Four animation-related specifications already exist on the web platform: CSS Transitions, CSS Animations, SVG Animations / SMIL, and requestAnimationFrame(). However:

• CSS Transitions / CSS Animations are not very expressive - animations can't be composed, or sequenced, or even reliably run in parallel; and animations can't be tweaked from script.
• SVG Animations are very expressive, but also very complicated. SVG Animations can't be applied to HTML content.
• requestAnimationFrame() is not a declarative approach - it requires the use of the main thread, and will therefore jank if the main thread is busy.
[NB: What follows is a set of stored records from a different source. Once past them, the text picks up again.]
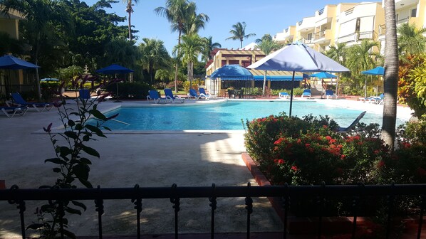 This 1-bedroom, 1-bathroom apartment is located in the center of Sosua with 750 sqft. The residence has a pool, it is walking distance to the beach and steps from all amenities
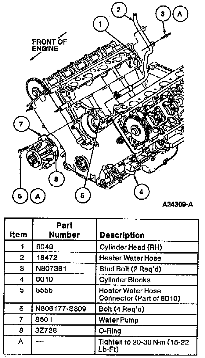30. Lubricate water pump housing gasket (8507) with Ford Premium Cooling System Fluid E2FZ-19549-AA (in Canada, Motorcraft CXC-8-B) or equivalent meeting Ford specification ESE-M97B44-A and install water pump and tighten retaining bolts to 20-30 Nm ( 15-22 ft. lbs.).
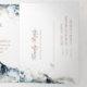 Esta invitación de tres pliegues presenta un trazo de brocha acuática en tonos azul marino con acentos dorados que imitan las olas en la playa, lo que la convierte en una elección perfecta para una boda de verano o de playa. Es minimalista y elegante en diseño y elección de tipos de letra, también muy fácil de personalizar. Otros artículos de esta colección lo complementan muy bien, así que revisa toda la colección "Watercolor Waves" en nuestra tienda.
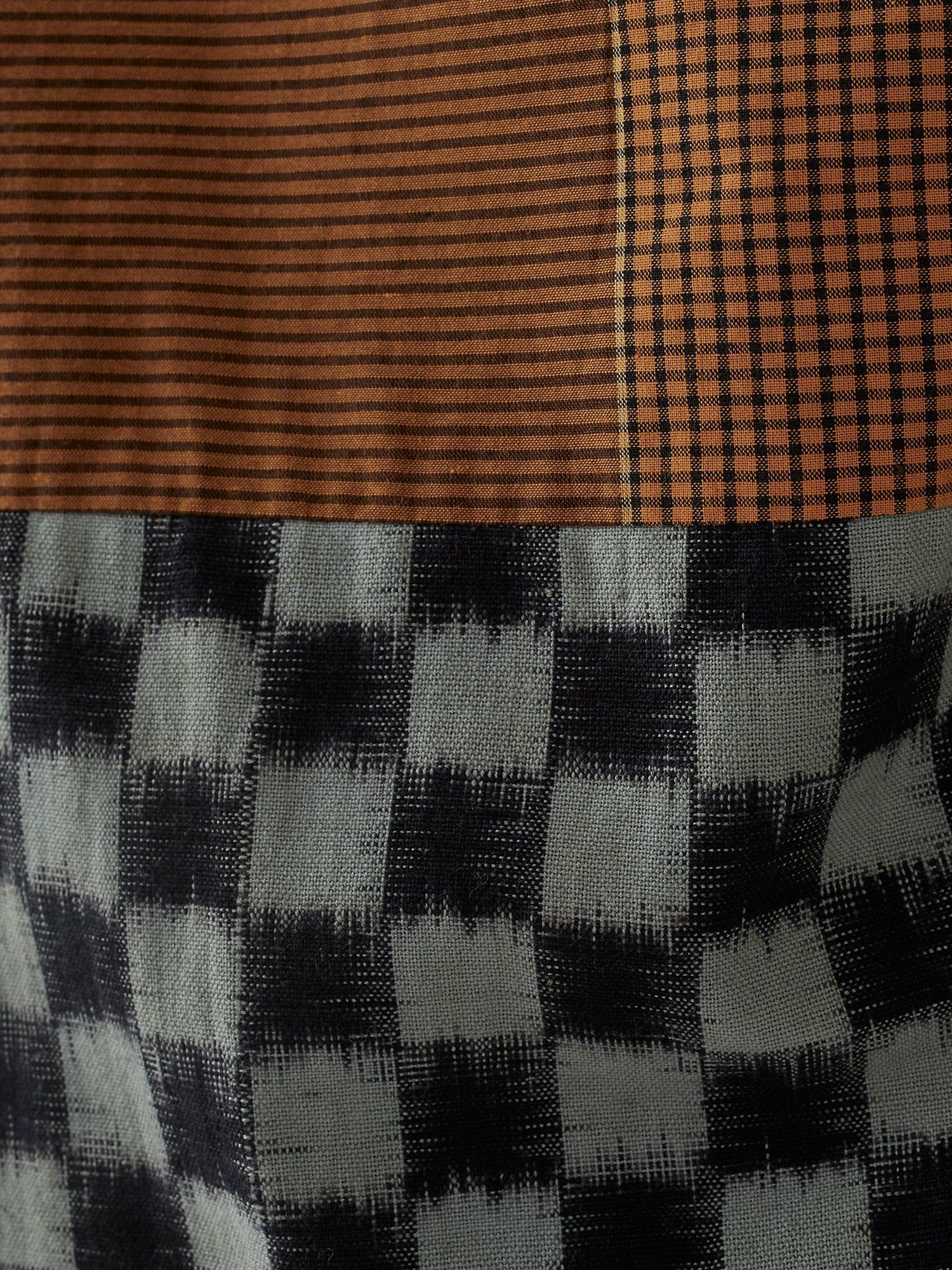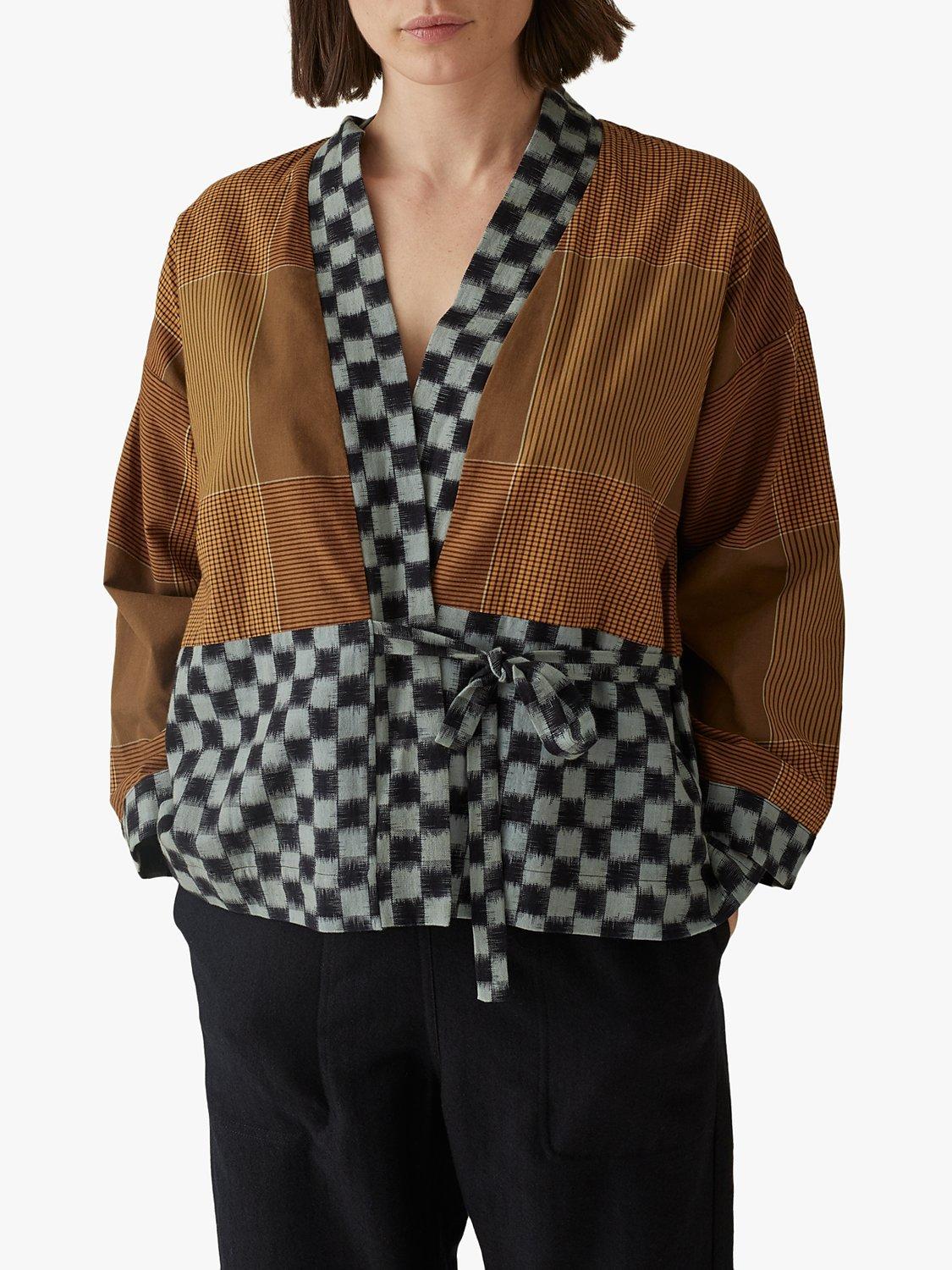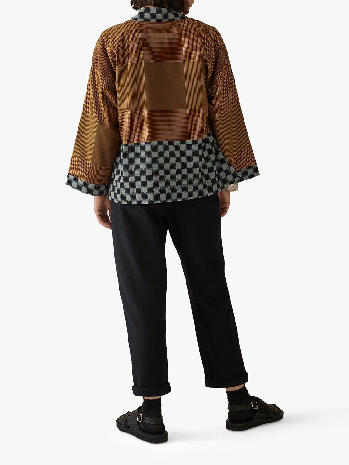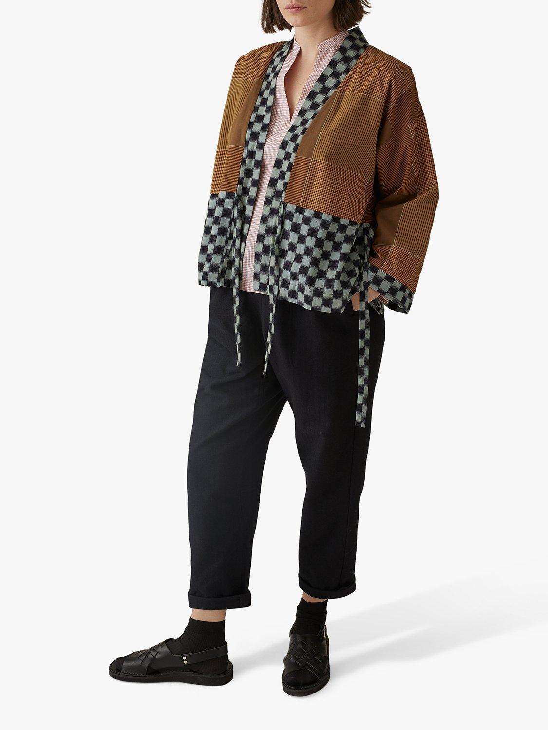 A statement style that's both effortless and elegant, this Toast jacket has a checked cotton upper, with a contrast hand dyed and hand woven wide ikat hem. Soft and slightly slubby, with contrasting checks throughout, it can be worn either way around, revealing the ikat reverse. The boxy cut with dropped shoulders and wide, wristbone length sleeves make it easy to throw on with a wrap over front and fixed fabric tie at the side to fasten. It stays secure with internal ties and is finished with split side seams.
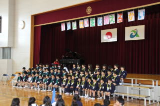 3時間目、1年生を迎える会を行いました。6年生が1年生と手をつなぎ、アーチをくぐりながら入場。なぜか、1年生と6年生の先生も、仲良く手をつないで登場。上級生からは学校の紹介が行われ、校歌も一緒に歌いました。1年生、かなり校歌を覚えていました。教室で、しっかり練習しているんですね。児童会執行部の質問、「学校は楽しいですか?」に「うん、楽しい!」とほとんどの子が答えていました。1年生の皆さん、これからもっと楽しいことが待っていますよ。

Web Animations is a new specification for animated content on the web. It's being developed as a W3C specification as part of the CSS and SVG working groups. It aims to address the deficiencies inherent in these four specifications. Web Animations also aims to replace the underlying implementations of CSS Transitions, CSS Animations and SVG Animations, so that:

• The code cost of supporting animations on the web is reduced.
• The various animations specifications are interoperable.
• Spec authors and browser vendors have a single place to experiment with new animation innovations to improve the Web for the future.

Here's a simple example of an animation that scales and changes the opacity of a <div> over 0.5 seconds. The animation alternates producing a pulsing effect.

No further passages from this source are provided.